Anicio Manlio Severino Boecio nació en Roma en el año 480. desde muy joven
conoció la filosofía griega, soca que lo llevó a admirarla y a concebir el ambicioso proyecto
de traducir y comentar toda la obra de Platón y de Aristóteles. En el año 510 ya era cónsul,
pero su supuesta participación en una conspiración política y la acusación de haber
practicado magia lo llevó a la prisión de Pavía, donde redactó su obra más conocida: La
consolación de la filosofía.

Este libro, en forma de diálogo, fue una obra muy leída en la Edad Media. La
principal protagonista de esta obra es, sin ninguna duda, la filosofía que consuela a Boecio
en su desgracia y lo instruye sobre la felicidad. Estructurada den cinco libros, en los que los
fragmentos en verso se alternan con la prosa, esta composición dialógica representa una
especie de síntesis de la sabiduría antigua a través del tamiz del cristianismo.

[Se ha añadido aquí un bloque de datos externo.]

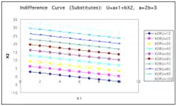 In graphic terms substitutability is greater the more the indifference curves approach a straight line. Perfect substitutability is a straight line indifference curve (e.g. trips to work by mode A or mode B).
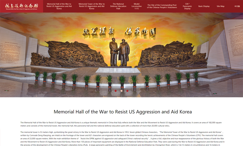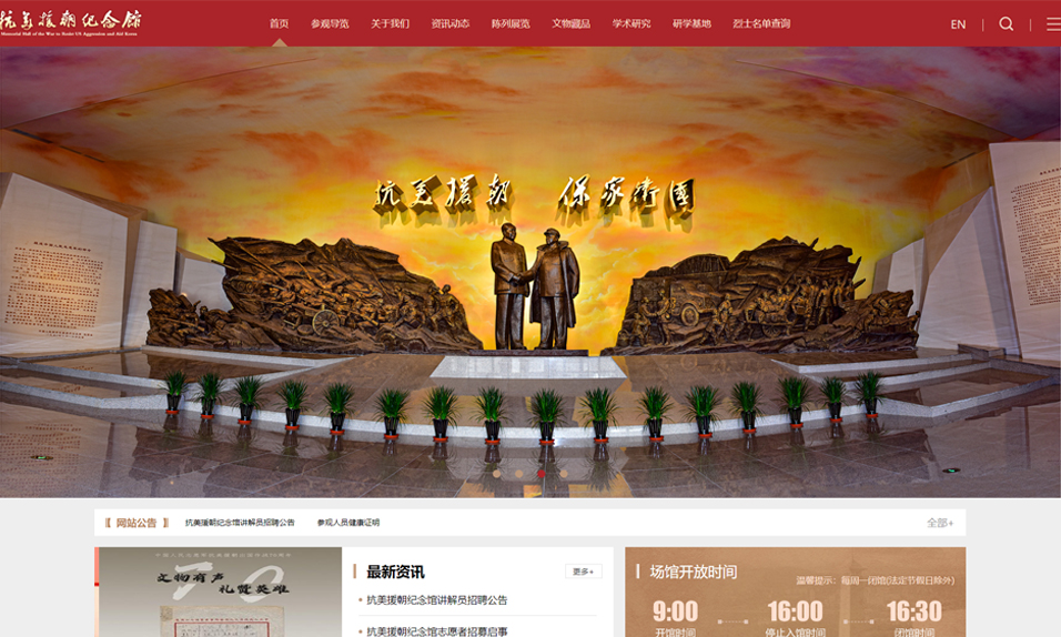 抗美(měi)援朝紀念館位于遼甯省丹東(d∏↓&ōng)市(shì)鴨綠(lǜ)江畔的(de)英華山(shān)上(shàn≤∑σg),與朝鮮民(mín)主主義人(rén)民(mín)共和(hé)國(guó±★©)新義州市(shì)隔江相(xiàng)望,是(shì§" )全國(guó)唯一(yī)全面反映中國<₹(guó)人(rén)民(mín)抗美(měi)援朝戰争和(hé)抗美(měi¶→↔♦)援朝運動曆史的(de)專題紀念館。
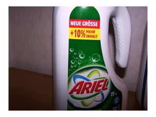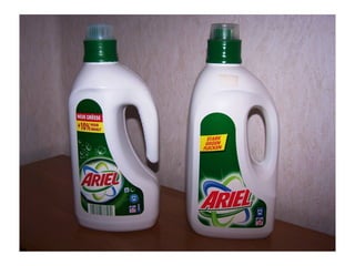 Das Dokument vergleicht zwei Flaschen Ariel Color und weist auf die Unterschiede im Design und die angegebenen Wäscheanzahlen hin. Die 'neue' Flasche behauptet, 10% mehr Inhalt zu haben, ermöglicht aber nur 18+2 Wäschen, was die Behauptung der Ergiebigkeit in Frage stellt. Der Autor ist verärgert und fühlt sich durch irreführende Angaben betrogen.
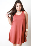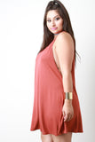 This plus size dress features a soft jersey knit fabrication, side cutout sleeveless design, round neckline, single button closure at nape, large keyhole back, and swing cut fit. Accessories sold separately. Made in U.S.A. 92% Rayon, 8% Spandex.
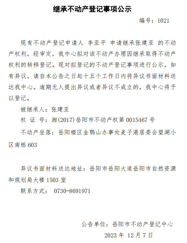 继承不动产登记公示 编号:李亚平(1021)
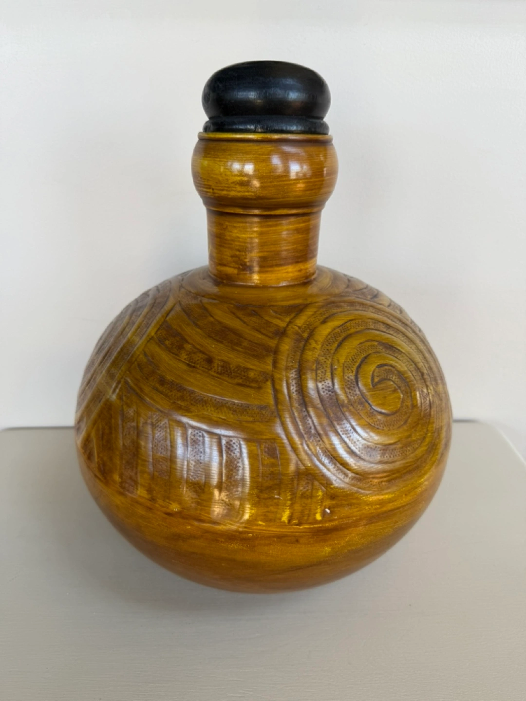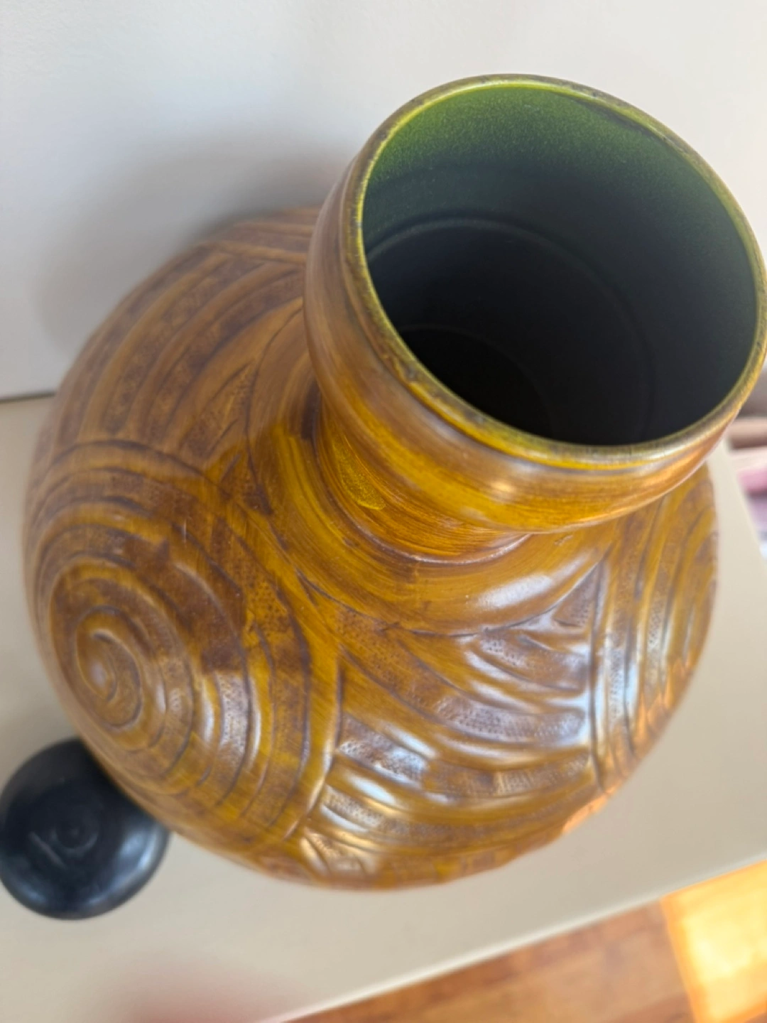 75Here's a unique decorative vase for sale. It has a lovely fall colour and a distinctive etched pattern. It measures approximately 14 inches in height making it a great statement piece for any room. Like new, no damage. Please see photos for approximate size & condition. Cash and pick up only in W. Hillhurst NW. Thanks for booking
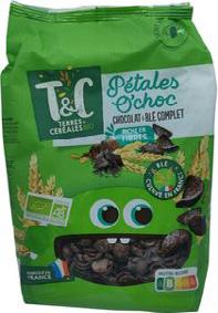 French brand T&C Terres & Céréales relaunched its organic chocolate & wholegrain wheat petals The company says the product is made in France with French wheat and fairtrade chocolate. It is rich in fibre and scores a B on the voluntary front-of-pack nutrition label, NutriScore.

El punto de partida de La consolación es, pues, la situación real de Boecio


prisionero en Pavía después de las sospechas que habían puesto fin de manera repentina a
su brillante carrera política. La obra empieza con una aparición fantasmagórica: “Se me
apareció una mujer de pie por encima de la cabeza. Su faz infundía un respeto profundo,
sus ojos eran ardientes y de una mirada penetrante, muy por encima de la capacidad
corriente de los hombres; su cutis de un color vivo y de un gran vigor inexhausto, a pesar
de ser ya tan mayor que de ninguna manera se la podía considerar coetánea nuestra; su
estructura era de una ambigüedad indiscernible.” Una de sus primeras exclamaciones ya
nos anticipa el carácter de este personaje de ficción que comparte el protagonismo de la
obra con el autor: “No es tiempo de lamento –dijo–, sino de poner remedio.” Y un poco
más adelante: “Si esperas la acción que guarnece es preciso que descubras la herida.” A
continuación, la Filosofía formula una serie de preguntas sobre el carácter de los humanos,
la finalidad de la creación el gobierno del mundo, que el autor no sabe contestar. Y con su
ignorancia, quizás ya manifiesta, con una perspectiva muy clásica, cuál es el verdadero
origen del sufrimiento humano.

El tema central del segundo libro es la Fortuna. “¿Qué es, entonces, lo que te ha
hecho caer en la tristeza y la aflicción? (...) Piensas que la fortuna ha hecho un cambio por
lo que a ti respecta: te equivocas (...) Has descubierto las caras ambiguas de una divinidad
ciega”, ya que ella gira la rueda del destino siempre con rotación caprichosa. Hay que ir, no
obstante, con cuidad con la fortuna, dice Boecio, porque si consideramos el número y el
cariz de las alegrías, tal vez aún nos parezca que somos felices. Así, “el peor género de
desgracia es haber sido feliz”, la melancolía no es sino el recuerdo de la felicidad perdida.
Hay que tener siempre presente esta meditación, una de las más conocidas de la obra, la que
hace un hombre encarcelado. Un hombre que vive gracias a la imaginación y al recuerdo,
como la mayoría de los creadores. La melancolía representa la venganza del pasado. Un
refugio de patanes. Un estado débil y evanescente que más que una promesa de felicidad
constituye un verdadero tormento. El único antídoto que conocemos contra ese flagelo es la
actividad: aunque sólo sea a través de la escritura de un libro sobre la felicidad perdida. En
un diario de viaje, Schopenhauer escribe: “Precisamente porque toda felicidad es negativa,
ocurre que, cuando alguna vez llega a ser perfecta, resbala ligera y suavemente a nuestro
lado sin que nos demos cuenta de que existe hasta que desaparece; entonces, la carencia,
sentida de forma positiva, se convierte en la expresión de la felicidad perdida: nos
percatamos en ese momento de que no hicimos nada para conservarla y a la privación se
añade el arrepentimiento.”

Al final del segundo capítulo, Boecio replantea la cuestión inicial y encuentra


también que el origen del bienestar se oculta en nuestro interior. “¿Por qué buscaís,
mortales, fuera una felicidad que se encuentra dentro de vosotros? El error y la ignorancia
os confunden. Te mostraré brevemente el punto cardinal de la felicidad suprema. ¿Hay para
ti algo más valioso que tú mismo? Nada, dirás. Por tanto, si eres juicioso poseerás lo que
nunca querrías perder ni la fortuna podrá quitarte.”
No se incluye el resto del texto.